> [Dataset content]:
---*---

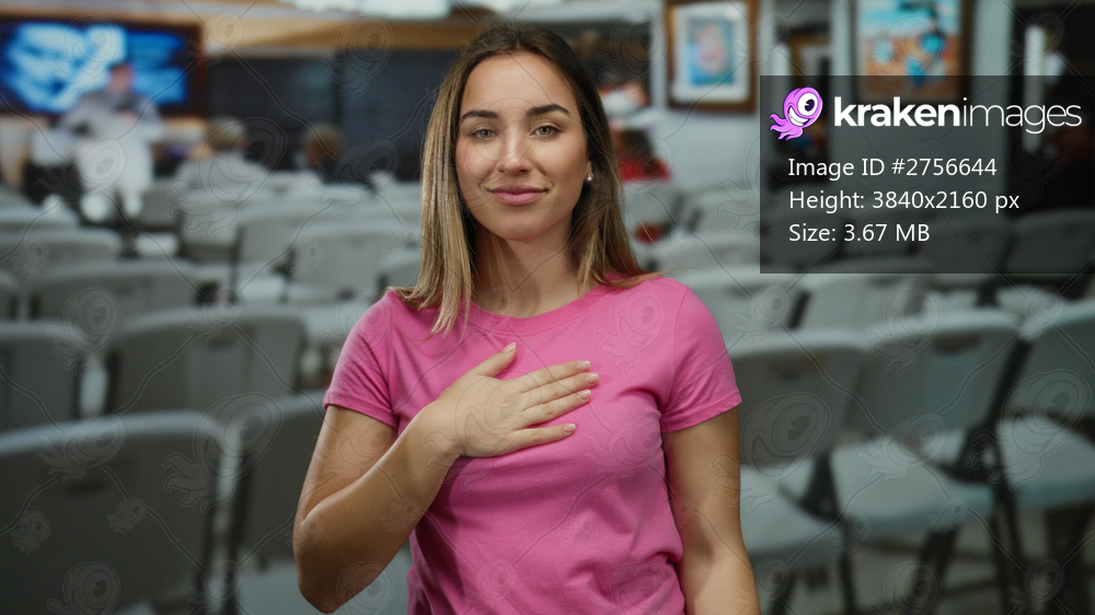 Woman making pledge gesture in art gallery setting wearing pink shirt surrounded by various artworks and empty chairs, conveying an indoor atmosphere in a public space. - Kraken Images
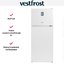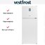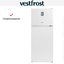 Белый двухкамерный холодильник с морозильником No Frost наверху. В основном отделении есть вместительная зона свежести с возможностью регулировать влажность воздуха, предназначенная для хранения фруктов, овощей, молочных и мясных продуктов. Благодаря электронному управлению с помощью дисплея на двери можно выбирать специальные функции: отключение холодильной камеры на время отъезда, приготовление ледяных кубиков, экономичное использование. Экономичная светодиоидная подсветка упростит поиск продуктов внутри.
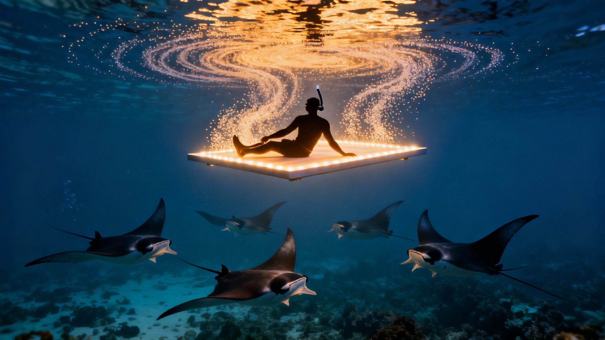 - Lights Down: Keep your lights (or the ones attached to your board) pointed straight down. This is what attracts the plankton and creates that glowing "dinner table" for the mantas below.

---*---

Nothing but the lines from the one containing "Белый двухкамерный холодильник" through the end of the listing should be printed, each exactly as it appears and without pictures.

> [Response to this task]:
 Белый двухкамерный холодильник с морозильником No Frost наверху. В основном отделении есть вместительная зона свежести с возможностью регулировать влажность воздуха, предназначенная для хранения фруктов, овощей, молочных и мясных продуктов. Благодаря электронному управлению с помощью дисплея на двери можно выбирать специальные функции: отключение холодильной камеры на время отъезда, приготовление ледяных кубиков, экономичное использование. Экономичная светодиоидная подсветка упростит поиск продуктов внутри.
 - Lights Down: Keep your lights (or the ones attached to your board) pointed straight down. This is what attracts the plankton and creates that glowing "dinner table" for the mantas below.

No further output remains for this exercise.